Group search base: In case of user group relationship maintained at group side, this property specifies base node for group search. For example: ou=groups, dc=pmease, dc=com.
Group search filter: In case of user group relationship maintained at group side, this filter is used to determine belonging groups of current user. For example: (&(uniqueMember={0})(objectclass=groupOfUniqueNames)). In this example, "{0}" represents DN of current user.

Refer to use cases for samples of how to configure LDAP authenticator.
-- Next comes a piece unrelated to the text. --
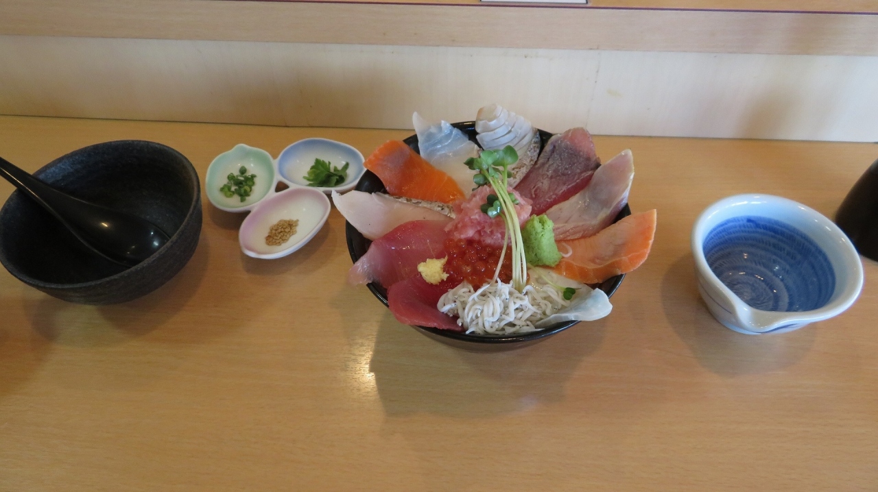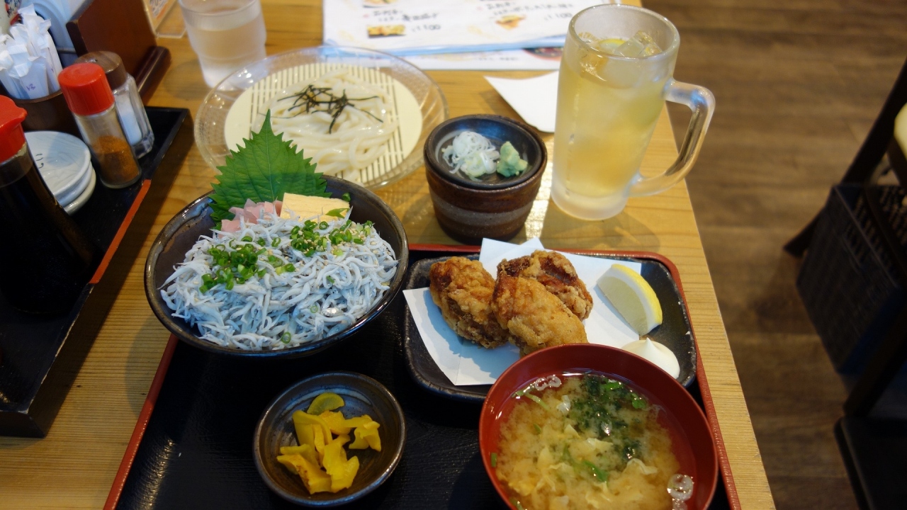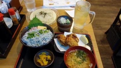 藤沢の小田急百貨店3階のフードコート内にある、海鮮料理の店。どんぶり物が充実しており、せっかくなので、ご当地の名産しらすを使った「しらす丼とうどん」のセットを注文。ごはんが見えないくらいたっぷり釜揚げしらすが乗っており、満足。
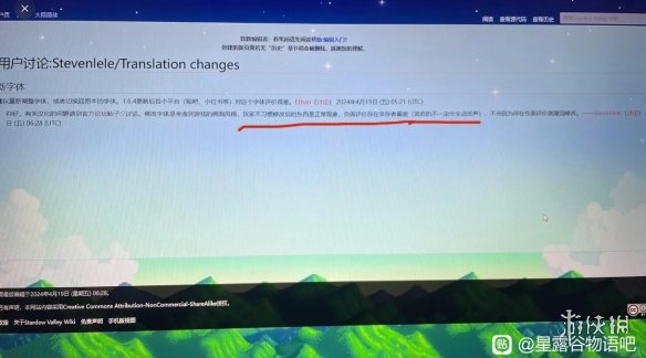 就在新版本的翻译引起争议的时候,有网友发现该翻译组的一位成员此前星露谷Wiki上发表了对原翻译的看法,认为之前的翻译存在“错翻、乱翻、抖机灵”等的情况。

LDAP Authenticator (self binding)

The self binding LDAP authenticator does not need a separate binding account when authenticates user against LDAP. Instead, it binds as the login user when performs search operations in the LDAP server. Some LDAP servers may not support this mode well. In this case, you'll need to resort to the LDAP authenticator introduced in last section.

LDAP URL: Specifies LDAP URL, for example: ldap://localhost:389, or ldaps://localhost:636. If you are using SSL protocol (by using ldaps prefixed url), and a SSLHandshakeException is thrown with message unable to find valid certification path to requested target while authenticating the user, please make sure QuickBuild trusts the public key of your LDAP server.
User DN pattern: Specifies the pattern to construct DN from the login name. For example: uid={0},ou=users, dc=pmease,dc=com Here {0} will be replaced by name of the login user.
User full name attribute: Specifies name of the attribute inside the user entry whose value will be taken as user full name.
User email attribute: Specifies name of the attribute inside the user entry whose value will be taken as user email.
Group name attribute: Specifies the group name attribute inside a group entry. Value of this attribute will be mapped to a QuickBuild group. If this property is left empty, group information will not be retrieved and all users authenticated through this authenticator will be associated with default groups automatically; various group finding properties below will be ignored in this case.
User groups attribute: Specifies name of the attribute inside the user entry whose value contains distinguished names of belonging groups. If the user group relationship is maintained at group side, you should leave this property empty, and set various group search properties below.
Group search base: In case of user group relationship maintained at group side, this property specifies base node for group search. For example: ou=groups, dc=pmease, dc=com.
Group search filter: In case of user group relationship maintained at group side, this filter is used to determine belonging groups of current user. For example: (&(uniqueMember={0})(objectclass=groupOfUniqueNames)). In this example, "{0}" represents DN of current user.